Bij besluit van 26 mei 2015 heeft het college het plaatsingsplan vastgesteld voor de plaatsing van ondergrondse restafvalcontainers (hierna: ORAC's) in de wijk Bohemen-Meer en Bos (wijk 92) te Den Haag.

Uitspraak

201504985/1/A4.

Datum uitspraak: 9 maart 2016

AFDELING

BESTUURSRECHTSPRAAK

Uitspraak in het geding tussen:

[appellant] en anderen, wonend te Den Haag,

appellanten,

en

het college van burgemeester en wethouders van Den Haag,

verweerder.

Procesverloop

Bij besluit van 26 mei 2015 heeft het college het plaatsingsplan vastgesteld voor de plaatsing van ondergrondse restafvalcontainers (hierna: ORAC's) in de wijk Bohemen-Meer en Bos (wijk 92) te Den Haag.

Tegen dit besluit hebben [appellant] en anderen beroep ingesteld.

Het college heeft een verweerschrift ingediend.

[appellant] en anderen hebben nadere stukken ingediend.

De zaak is door een meervoudige kamer van de Afdeling verwezen naar een enkelvoudige.

De Afdeling heeft de zaak ter zitting behandeld op 21 januari 2016, waar [appellant] en het college, vertegenwoordigd door mr.
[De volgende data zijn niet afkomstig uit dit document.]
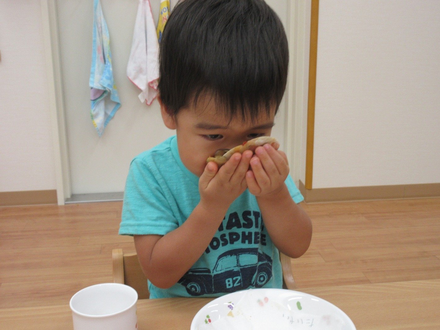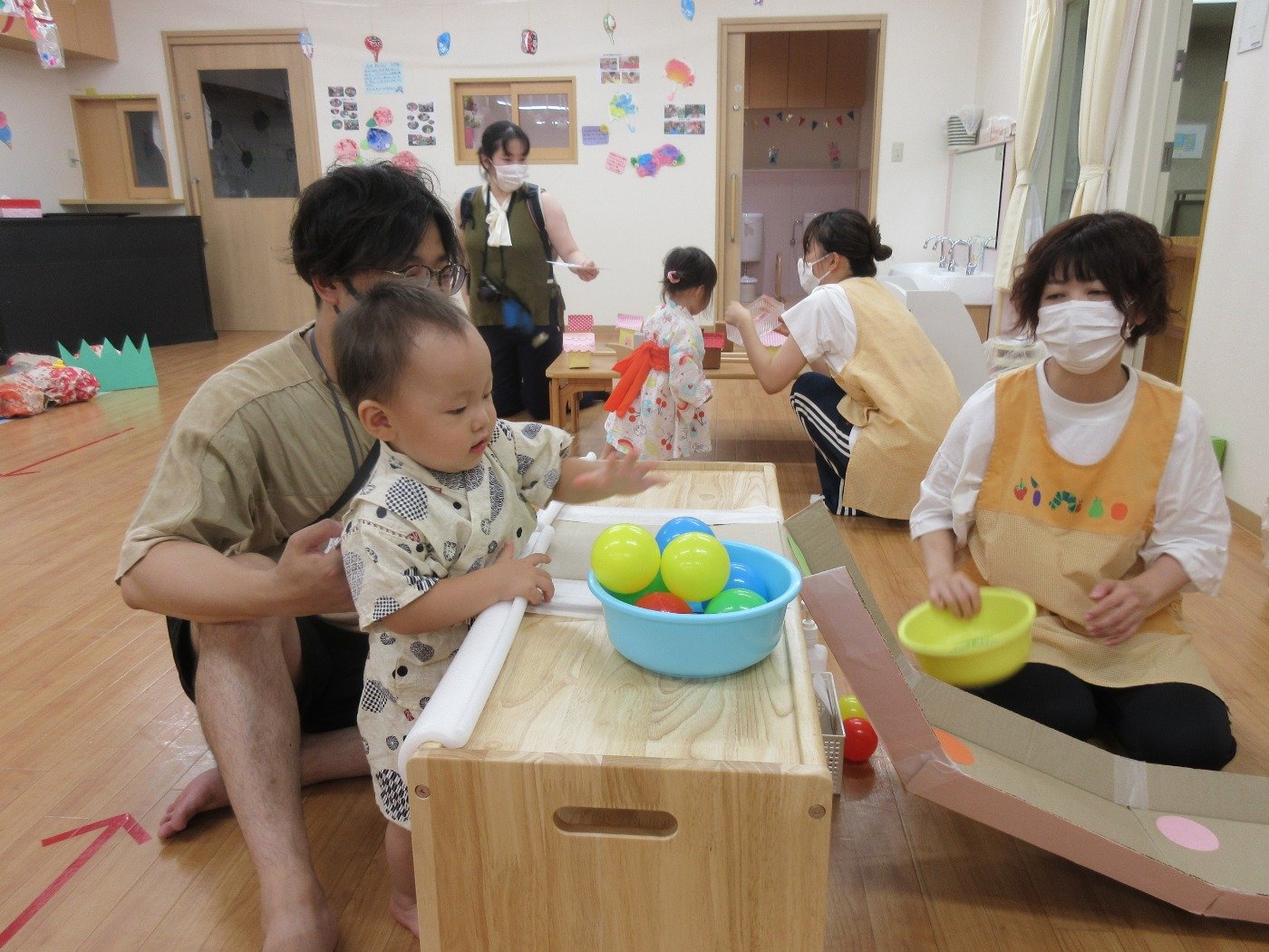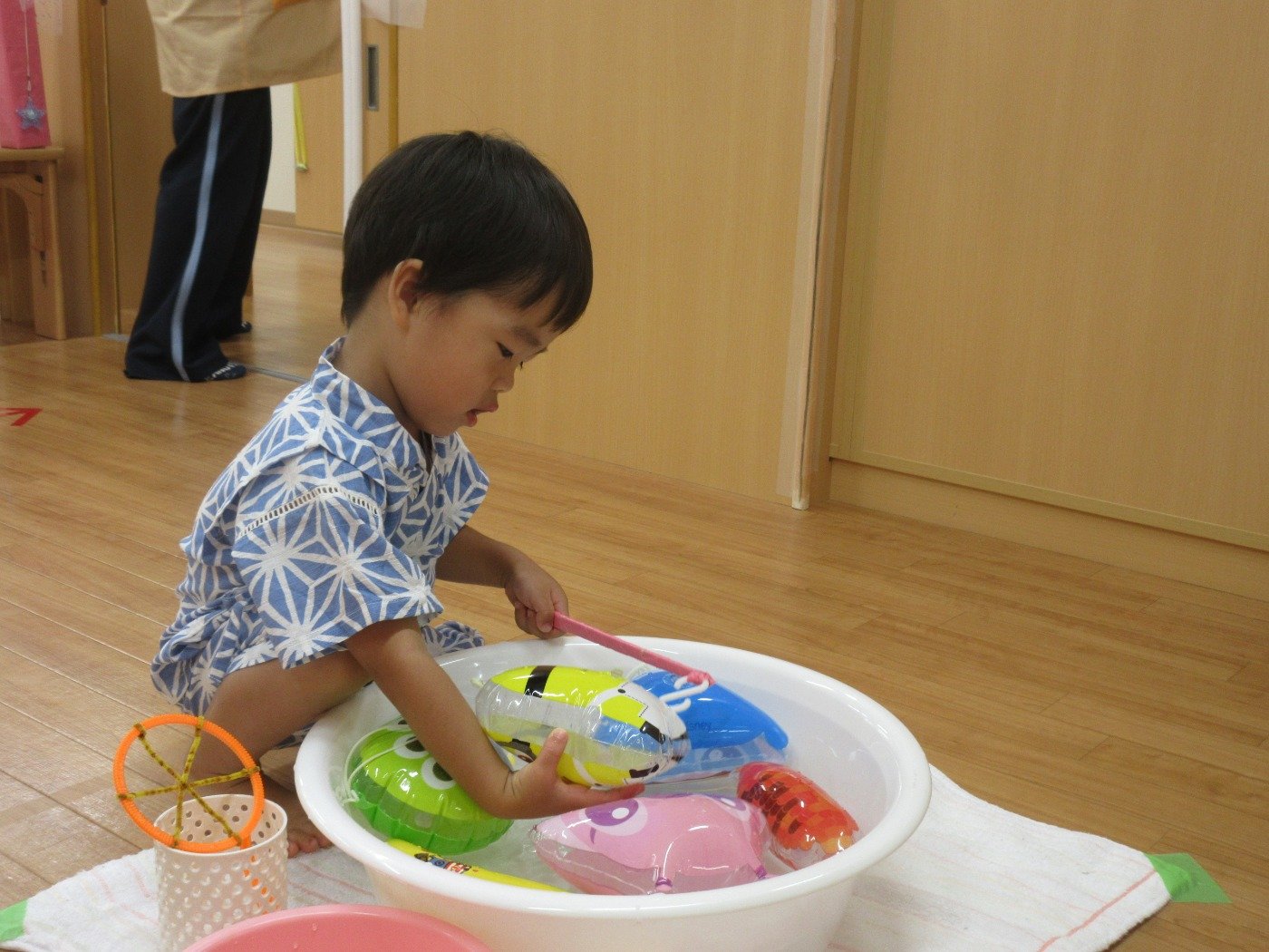 「お祭り遊び」で、一足お先に楽しんでいたくま組さんは、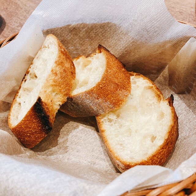 カレイのソテーは皮目がパリっと香ばしく、身がふわっふわ♡ソースがさらっとしたビスクなので、カレイの淡白な旨味を上品に引き立ててるなって思います♡バケットが付いてくるので、マッシュポテトやビスクをつけて食べるとまた旨い(o^^o)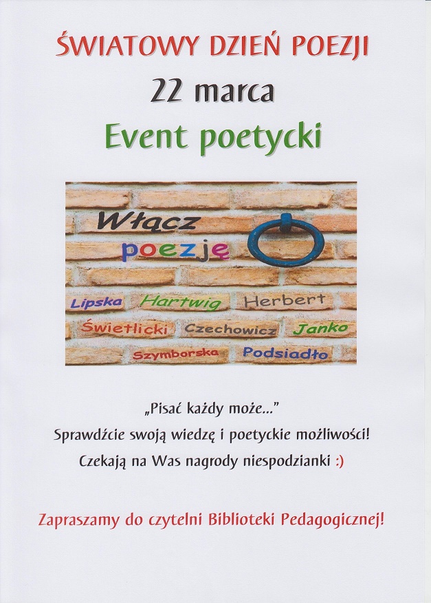 Parafrazując słowa piosenki, że "pisać każdy może, trochę lepiej lub trochę gorzej", w dniu 22 marca organizatorzy zapraszają wszystkich chętnych, chcących sprawdzić swoje umiejętności i możliwości poetyckie do czytelni Biblioteki Pedagogicznej. Na uczestników, oprócz dobrej zabawy, czekają niespodzianki.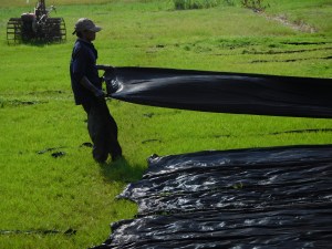 The next adventure involved a bicycle rickshaw ride through a small town. These rickshaws are for only one passenger and that passenger needs to have a decent sense of balance, but it was great to see the town at a slow pace. We stopped at a silk weaving factory – family-owned and weaving simply beautiful fabric. It was fascinating watching these old machines weave in patterns and the factory workers’ sharp eyes and skilled hands smoothing and untangling tiny knots in the nearly-invisible silk threads. We walked a bit to another factory that specializes in a traditional silk-dying method that creates an extremely shiny black silk, using only a local berry as the dye. The fabric is dipped, squeezed and spread on the grass to dry – and the process is repeated 100 times – that’s one zero zero. The results are simply beautiful. The family has also started experimenting with other colors using all-natural local dyes.

R.W. Schrijver, ing. R. van Coevorden en ir. H.W. Terlouw, allen werkzaam bij de gemeente, zijn verschenen.

Overwegingen

Bestreden besluit

1. Bij het bestreden besluit heeft het college, door vaststelling van het plaatsingsplan, concrete locaties in de wijk Bohemen-Meer en Bos aangewezen waar ORAC’s worden geplaatst. Onder meer is voorzien in plaatsing van twee ORAC’s aan de Muurbloemweg ter hoogte van de kruising met de Arnicalaan. Plaatsing van de ORAC's is voorzien aan de kopse kant van de Arnicalaan, direct voor de open ruimte met groen tussen de twee rijbanen van de Arnicalaan (locatie 92-16D; hierna: de locatie). [appellant] en anderen wonen op korte afstand van de locatie en kunnen zich niet met de aanwijzing van de locatie verenigen.

Ontvankelijkheid

2. Het besluit tot vaststelling van het plaatsingsplan is met ingang van 28 mei 2015 ter inzage gelegd. Bij brief van 23 juni 2015 heeft [appellant], mede namens een aantal bewoners van de Arnicalaan en Muurbloemweg, beroep ingesteld tegen dat besluit. De brief en de daarbij gevoegde bijlagen bevatten geen namen of adressen van bewoners namens wie het beroep mede is ingesteld. Bij brief van 21 juli 2015 is het beroep aangevuld en is een lijst ingezonden met daarop de namen en adressen van degenen namens wie [appellant] het beroep mede heeft ingesteld.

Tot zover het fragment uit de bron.